Soon after moving into our house in Lundazi, we began hearing visitors knocking at our gate each morning, around 0700 hours (we’re on military time here in Zambia-that’s 7:00 a.m. for those who are unaccustomed). The first time we heard someone banging on the metal gate that early, we had no idea who it was, or what they wanted. But to our pleasant surprise, we had village ladies with various types of fresh fruits and vegetables for sale, and we now look forward to their daily visits.
Another woman came to our gate back then, looking for work. As it turned out, she lives just a few houses away from us, and she wanted to know if we were looking for someone to work around the house. Melissa and I were on the fence about hiring someone. On one hand, we didn’t know if we needed a housekeeper; we didn’t have one in San Antonio. On the other hand, hiring workers here provides much needed jobs for folks in Lundazi. We discussed the idea of hiring someone with Reverend Chiboboka, and we learned he had already begun taking applications from some women, so we told our neighbor, Charity, she could go to the CCAP Mission Station to apply. After gathering several candidates, he led the interview and selection process, with a three-person panel comprised of church folks. Melissa sat in and observed, but didn’t participate. When the dust settled, the panel favored the person who Melissa hoped would be selected, our neighbor, Charity.
It’s now been about a month since Charity began working for us. She arrives each day with a smile on her face, and goes to work. She’s shown Melissa how to make nshima, and Melissa’s shown her how to make cornbread. She is also a resource when we are stumped, searching for a Tumbuka word. Charity shows great pride in her work and does a great job.
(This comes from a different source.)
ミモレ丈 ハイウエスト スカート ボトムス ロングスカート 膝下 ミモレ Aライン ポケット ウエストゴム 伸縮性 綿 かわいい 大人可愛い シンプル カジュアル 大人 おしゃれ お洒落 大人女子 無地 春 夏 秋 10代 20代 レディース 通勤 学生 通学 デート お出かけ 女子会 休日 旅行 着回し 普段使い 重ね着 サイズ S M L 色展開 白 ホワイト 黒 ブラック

One evening, about the same time Charity began working for us, we came home from visiting the Petro family (they are Baptist missionary friends who’ve been in Lundazi just over three years). As Melissa walked up to the gate to open it, she saw a small snake (njoka) slithering away. We told ourselves it was some sort of non-venomous grass snake, but the next day I bought a hoe (jembe), with an extra long handle at our neighbor, Chiza Banda’s hardware store.
Over the past few years, when we’ve traveled to Congo, I’ve noticed women bent over at the waist, sweeping the the dirt around their houses with a short, handmade broom (chitanyero), and we’ve noticed women doing it here, too.
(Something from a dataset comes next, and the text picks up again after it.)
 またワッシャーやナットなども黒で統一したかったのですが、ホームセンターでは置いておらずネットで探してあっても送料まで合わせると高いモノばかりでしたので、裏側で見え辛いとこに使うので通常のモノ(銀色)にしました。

If you look at the ground afterwards, you’ll see a series of sweeping arches in the dirt, forming a neat, pretty pattern. I always thought it was odd for the ladies to sweep the dirt like that, but then someone told me they do it so they can see if a snake has slithered across the swept patterns on the ground, near their house.
I don’t know if that’s true or not, but it makes perfect sense to me, and we were glad to see Charity incorporate that activity into her daily routine. We also take some comfort in the fact that growing up in South Texas has taught us to keep a close eye on the ground when walking.
Swept patterns in the dirt surrounding our house in Lundazi.
One morning I walked outside and asked Charity if she’d seen any evidence of njoka and she replied, “No.” Knowing she had lived nearby for several years, I asked her if she’d ever seen any snakes here, and she told me she found a spitting cobra in her house about three months earlier.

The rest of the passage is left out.